TASK TO COMPLETE:
Your job is to print, exactly, the lines in the data below from the line with "This beautiful apartment" through the line with "Atenção; é um", both included, and to omit any picture.

EXTRACTED MATERIAL:
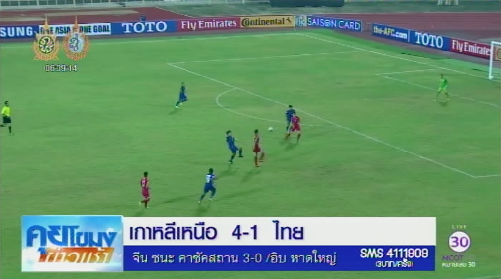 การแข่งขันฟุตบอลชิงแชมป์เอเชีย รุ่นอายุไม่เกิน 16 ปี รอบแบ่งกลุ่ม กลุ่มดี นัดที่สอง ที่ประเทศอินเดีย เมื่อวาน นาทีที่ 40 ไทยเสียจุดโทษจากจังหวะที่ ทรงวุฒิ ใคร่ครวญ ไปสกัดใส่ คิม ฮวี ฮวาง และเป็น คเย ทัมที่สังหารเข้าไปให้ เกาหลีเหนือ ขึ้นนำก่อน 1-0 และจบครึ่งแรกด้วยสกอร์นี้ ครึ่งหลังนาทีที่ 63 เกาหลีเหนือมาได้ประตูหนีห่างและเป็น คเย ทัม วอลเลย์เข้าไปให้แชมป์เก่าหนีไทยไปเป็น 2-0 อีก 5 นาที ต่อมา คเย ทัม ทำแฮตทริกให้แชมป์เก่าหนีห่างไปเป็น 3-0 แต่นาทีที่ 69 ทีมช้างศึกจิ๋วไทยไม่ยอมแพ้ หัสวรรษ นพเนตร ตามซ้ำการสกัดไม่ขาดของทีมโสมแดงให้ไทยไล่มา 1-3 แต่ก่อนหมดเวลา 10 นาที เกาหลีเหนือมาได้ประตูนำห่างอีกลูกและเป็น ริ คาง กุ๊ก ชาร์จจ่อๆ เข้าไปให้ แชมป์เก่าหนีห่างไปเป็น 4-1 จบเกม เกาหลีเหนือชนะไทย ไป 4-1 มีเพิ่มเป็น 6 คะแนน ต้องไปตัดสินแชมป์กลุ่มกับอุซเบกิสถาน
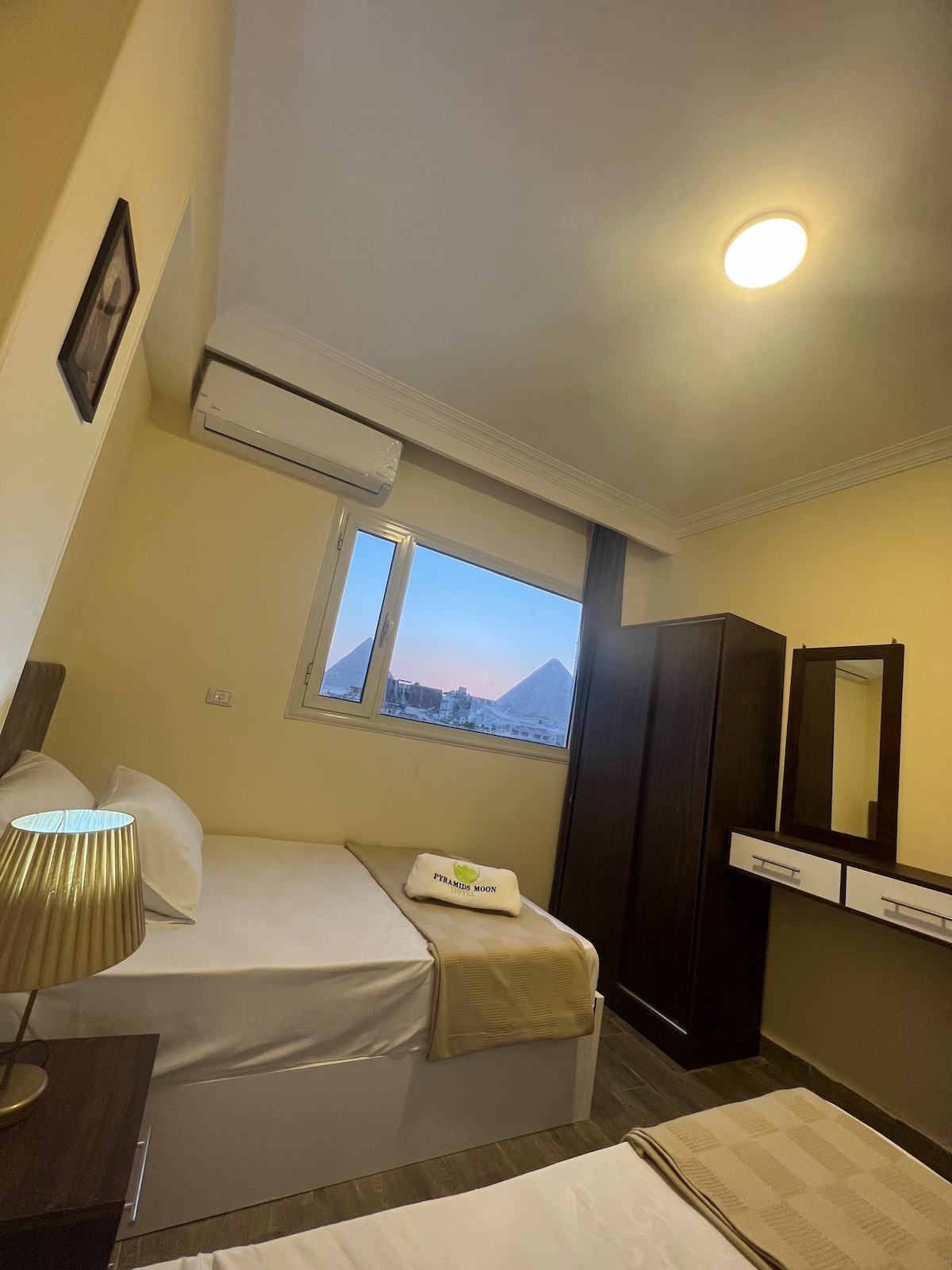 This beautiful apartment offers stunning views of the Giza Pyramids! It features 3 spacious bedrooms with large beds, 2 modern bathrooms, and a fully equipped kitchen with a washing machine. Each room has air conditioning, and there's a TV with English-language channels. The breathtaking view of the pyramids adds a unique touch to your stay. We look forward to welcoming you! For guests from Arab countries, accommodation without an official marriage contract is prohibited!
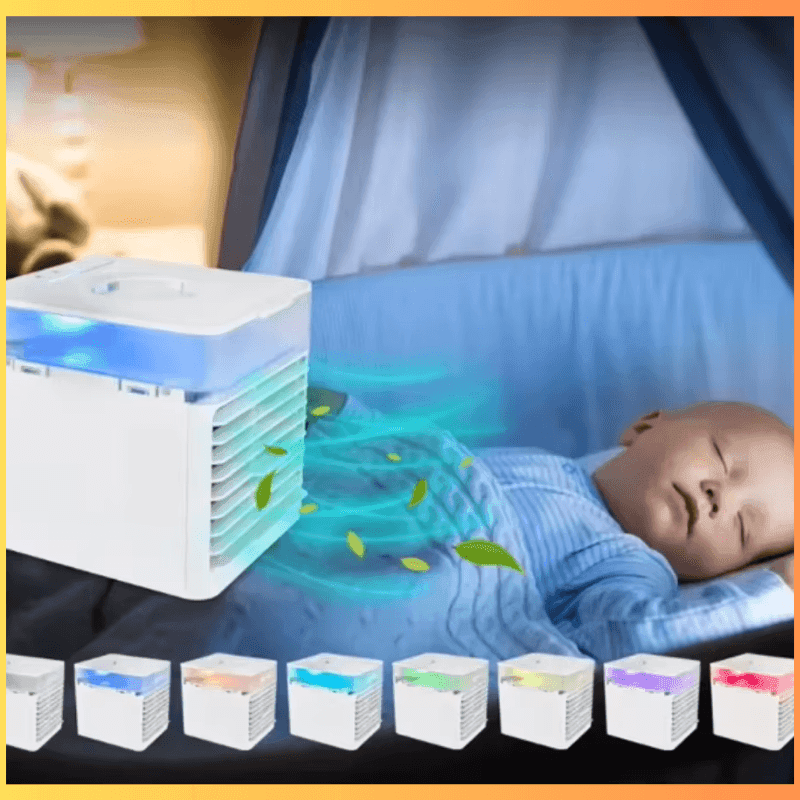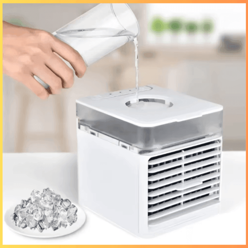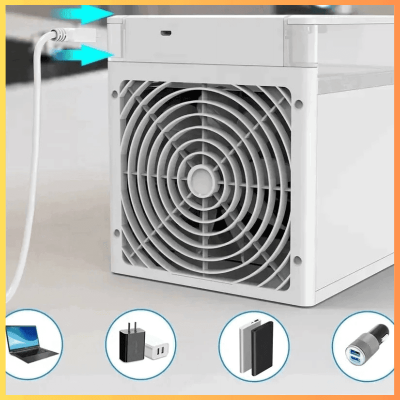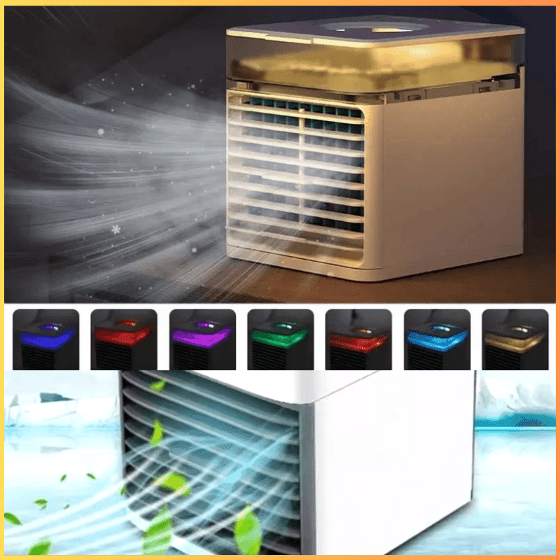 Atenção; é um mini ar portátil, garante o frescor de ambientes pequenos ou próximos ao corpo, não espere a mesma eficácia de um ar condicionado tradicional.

==

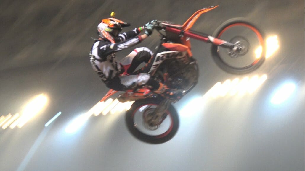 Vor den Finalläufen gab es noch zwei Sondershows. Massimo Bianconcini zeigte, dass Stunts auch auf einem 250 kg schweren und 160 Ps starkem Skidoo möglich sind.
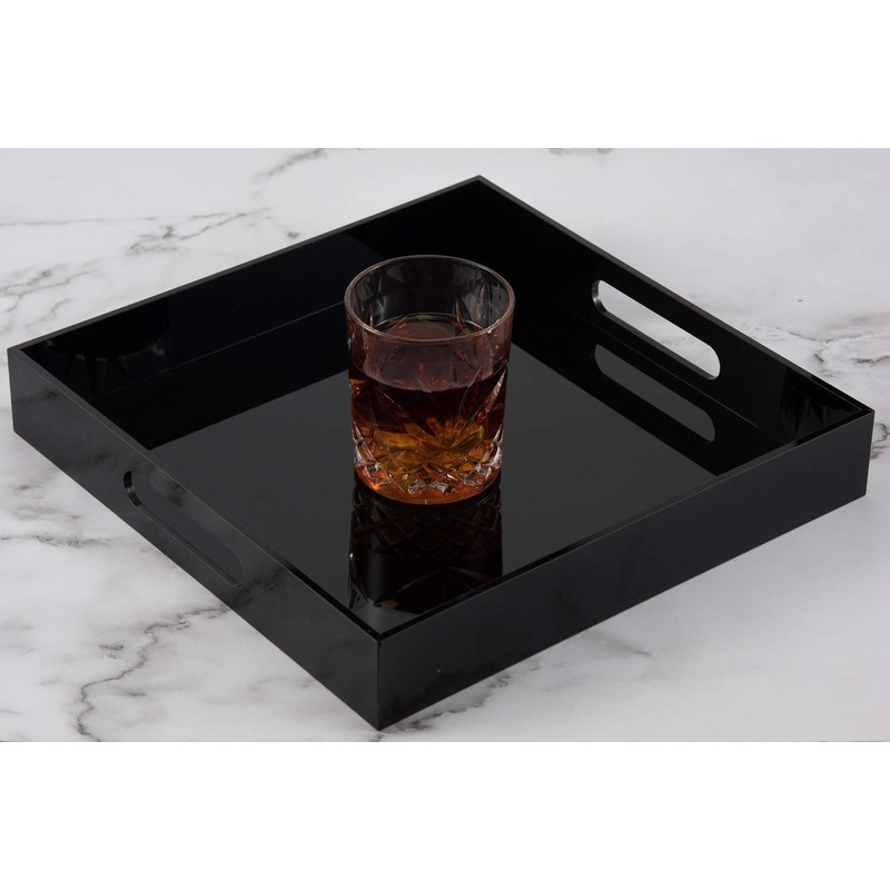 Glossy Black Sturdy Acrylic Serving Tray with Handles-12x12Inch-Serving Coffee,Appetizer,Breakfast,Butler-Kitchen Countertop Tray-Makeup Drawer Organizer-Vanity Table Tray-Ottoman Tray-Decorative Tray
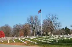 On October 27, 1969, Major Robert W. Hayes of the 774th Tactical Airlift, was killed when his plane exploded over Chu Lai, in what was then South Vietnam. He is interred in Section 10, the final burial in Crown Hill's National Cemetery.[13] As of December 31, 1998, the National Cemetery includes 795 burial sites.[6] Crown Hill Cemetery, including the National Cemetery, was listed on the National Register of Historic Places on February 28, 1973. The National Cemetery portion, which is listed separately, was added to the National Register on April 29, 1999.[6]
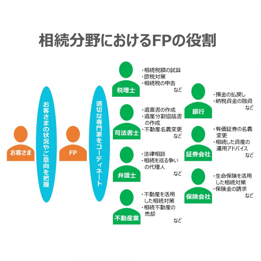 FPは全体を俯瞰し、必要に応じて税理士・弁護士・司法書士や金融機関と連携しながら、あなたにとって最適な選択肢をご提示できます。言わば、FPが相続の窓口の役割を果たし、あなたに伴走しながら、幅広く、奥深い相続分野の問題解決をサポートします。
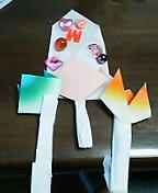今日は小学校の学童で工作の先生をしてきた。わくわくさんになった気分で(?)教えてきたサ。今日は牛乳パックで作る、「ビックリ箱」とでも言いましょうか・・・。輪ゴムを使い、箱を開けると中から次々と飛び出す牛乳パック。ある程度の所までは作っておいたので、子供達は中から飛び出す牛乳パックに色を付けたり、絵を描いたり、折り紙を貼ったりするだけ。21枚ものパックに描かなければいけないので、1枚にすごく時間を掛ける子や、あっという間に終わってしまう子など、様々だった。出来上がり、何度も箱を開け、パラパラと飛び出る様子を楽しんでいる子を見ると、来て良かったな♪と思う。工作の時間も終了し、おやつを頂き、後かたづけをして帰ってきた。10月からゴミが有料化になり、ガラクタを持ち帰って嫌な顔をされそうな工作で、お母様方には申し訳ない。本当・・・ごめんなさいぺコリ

* * *

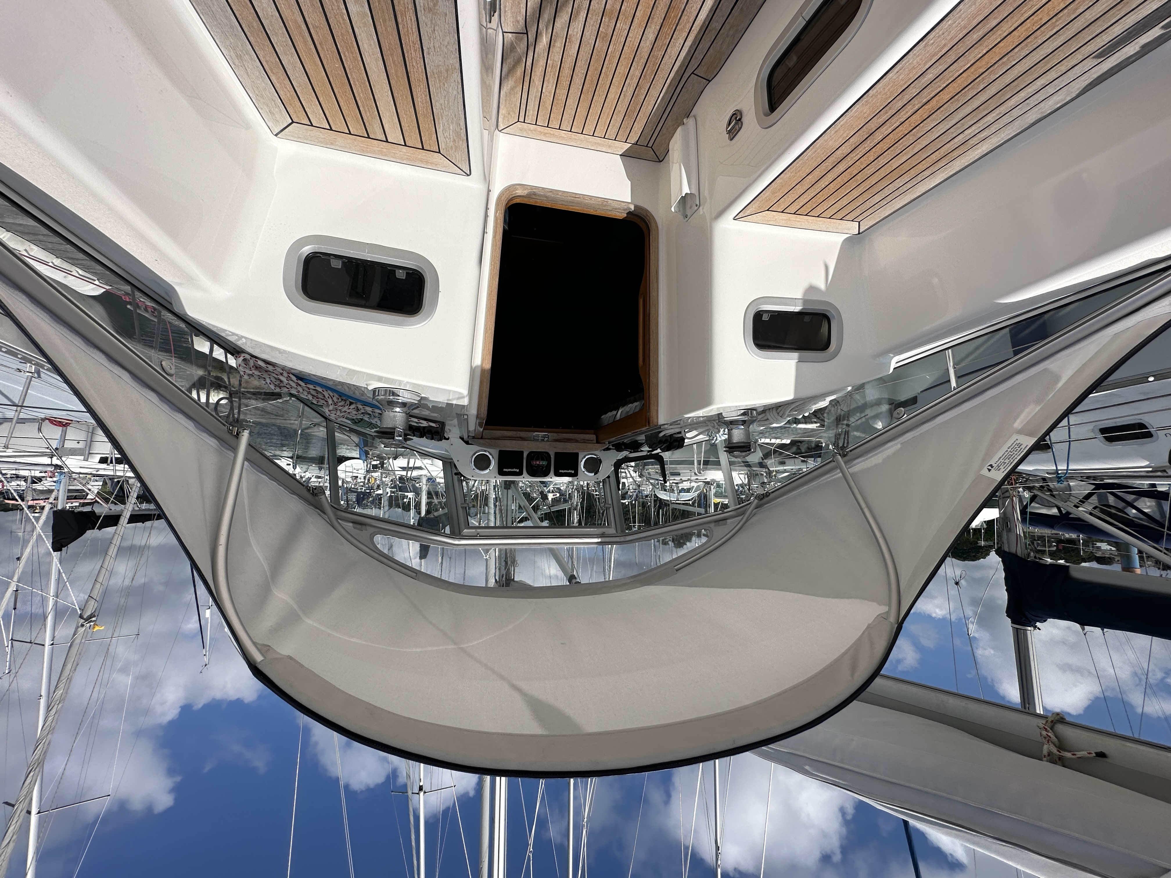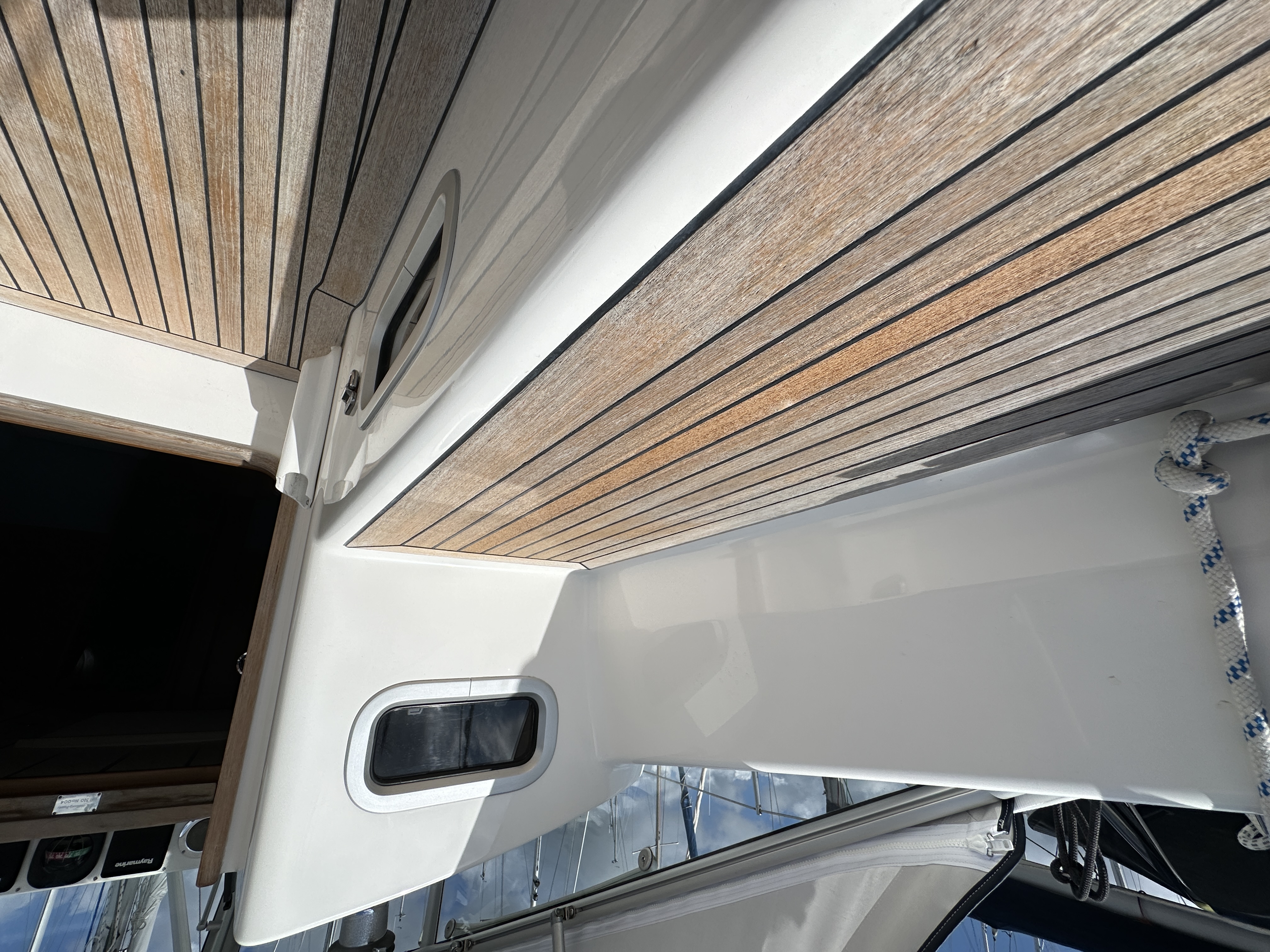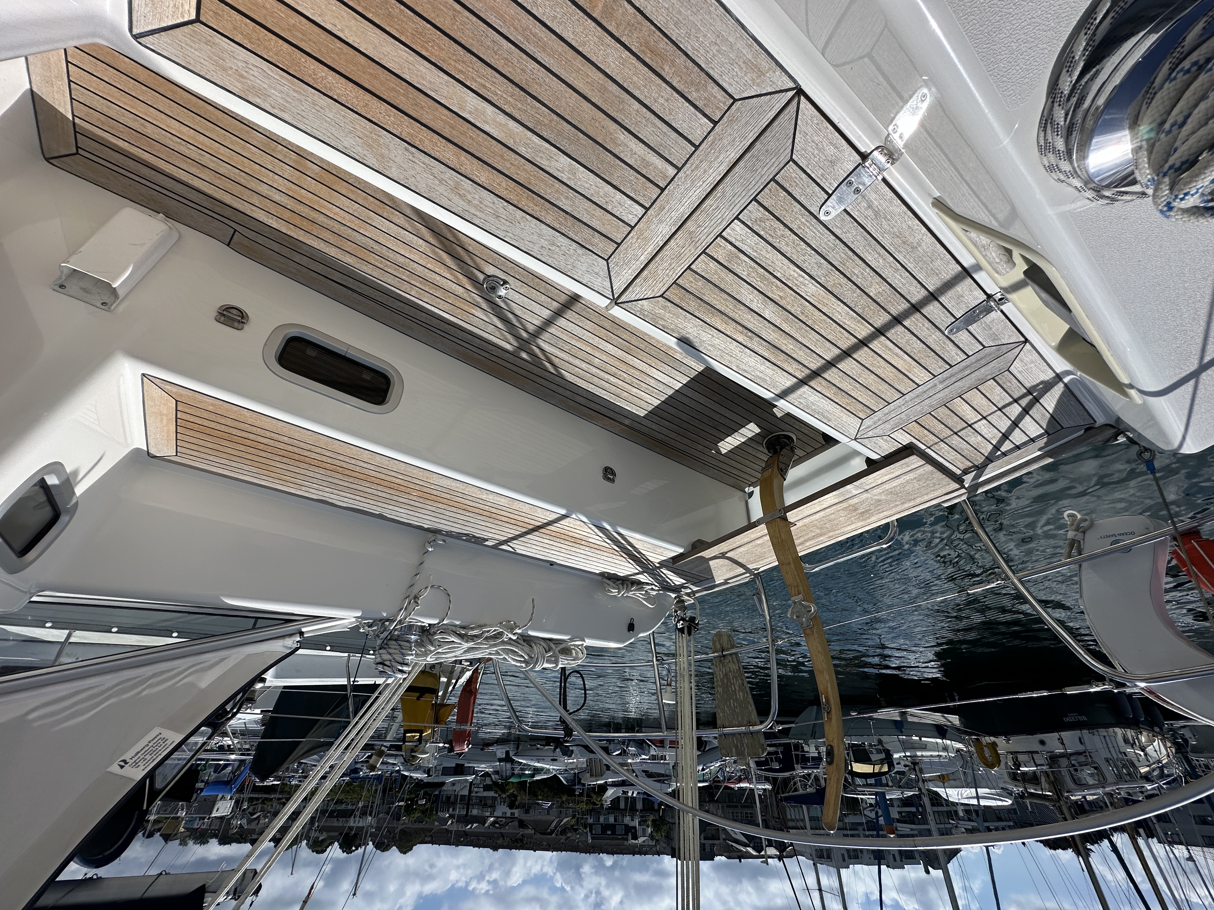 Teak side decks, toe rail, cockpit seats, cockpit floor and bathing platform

REPLY:
 This beautiful apartment offers stunning views of the Giza Pyramids! It features 3 spacious bedrooms with large beds, 2 modern bathrooms, and a fully equipped kitchen with a washing machine. Each room has air conditioning, and there's a TV with English-language channels. The breathtaking view of the pyramids adds a unique touch to your stay. We look forward to welcoming you! For guests from Arab countries, accommodation without an official marriage contract is prohibited!
 Atenção; é um mini ar portátil, garante o frescor de ambientes pequenos ou próximos ao corpo, não espere a mesma eficácia de um ar condicionado tradicional.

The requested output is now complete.